TASK DESCRIPTION – Only one stretch of the data below is wanted: the lines starting at the one with "Art lived a" and ending at the one with "Over on UKS", both included, given again exactly.

AVAILABLE DATA –
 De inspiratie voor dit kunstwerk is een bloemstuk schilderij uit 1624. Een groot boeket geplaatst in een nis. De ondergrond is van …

--

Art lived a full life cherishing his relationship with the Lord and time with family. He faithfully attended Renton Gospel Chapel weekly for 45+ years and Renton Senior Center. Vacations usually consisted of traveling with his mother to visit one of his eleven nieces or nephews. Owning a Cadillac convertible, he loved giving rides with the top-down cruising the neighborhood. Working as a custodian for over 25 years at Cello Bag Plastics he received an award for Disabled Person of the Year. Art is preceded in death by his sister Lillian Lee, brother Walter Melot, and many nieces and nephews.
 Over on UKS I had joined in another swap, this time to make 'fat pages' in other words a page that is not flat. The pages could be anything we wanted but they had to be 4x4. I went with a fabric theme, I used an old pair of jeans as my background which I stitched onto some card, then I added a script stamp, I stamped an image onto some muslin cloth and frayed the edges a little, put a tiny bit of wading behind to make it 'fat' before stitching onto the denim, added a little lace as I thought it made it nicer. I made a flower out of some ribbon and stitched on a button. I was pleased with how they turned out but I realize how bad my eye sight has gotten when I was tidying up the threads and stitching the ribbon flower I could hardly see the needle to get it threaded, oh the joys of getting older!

ANSWER BOX –
Art lived a full life cherishing his relationship with the Lord and time with family. He faithfully attended Renton Gospel Chapel weekly for 45+ years and Renton Senior Center. Vacations usually consisted of traveling with his mother to visit one of his eleven nieces or nephews. Owning a Cadillac convertible, he loved giving rides with the top-down cruising the neighborhood. Working as a custodian for over 25 years at Cello Bag Plastics he received an award for Disabled Person of the Year. Art is preceded in death by his sister Lillian Lee, brother Walter Melot, and many nieces and nephews.
 Over on UKS I had joined in another swap, this time to make 'fat pages' in other words a page that is not flat. The pages could be anything we wanted but they had to be 4x4. I went with a fabric theme, I used an old pair of jeans as my background which I stitched onto some card, then I added a script stamp, I stamped an image onto some muslin cloth and frayed the edges a little, put a tiny bit of wading behind to make it 'fat' before stitching onto the denim, added a little lace as I thought it made it nicer. I made a flower out of some ribbon and stitched on a button. I was pleased with how they turned out but I realize how bad my eye sight has gotten when I was tidying up the threads and stitching the ribbon flower I could hardly see the needle to get it threaded, oh the joys of getting older!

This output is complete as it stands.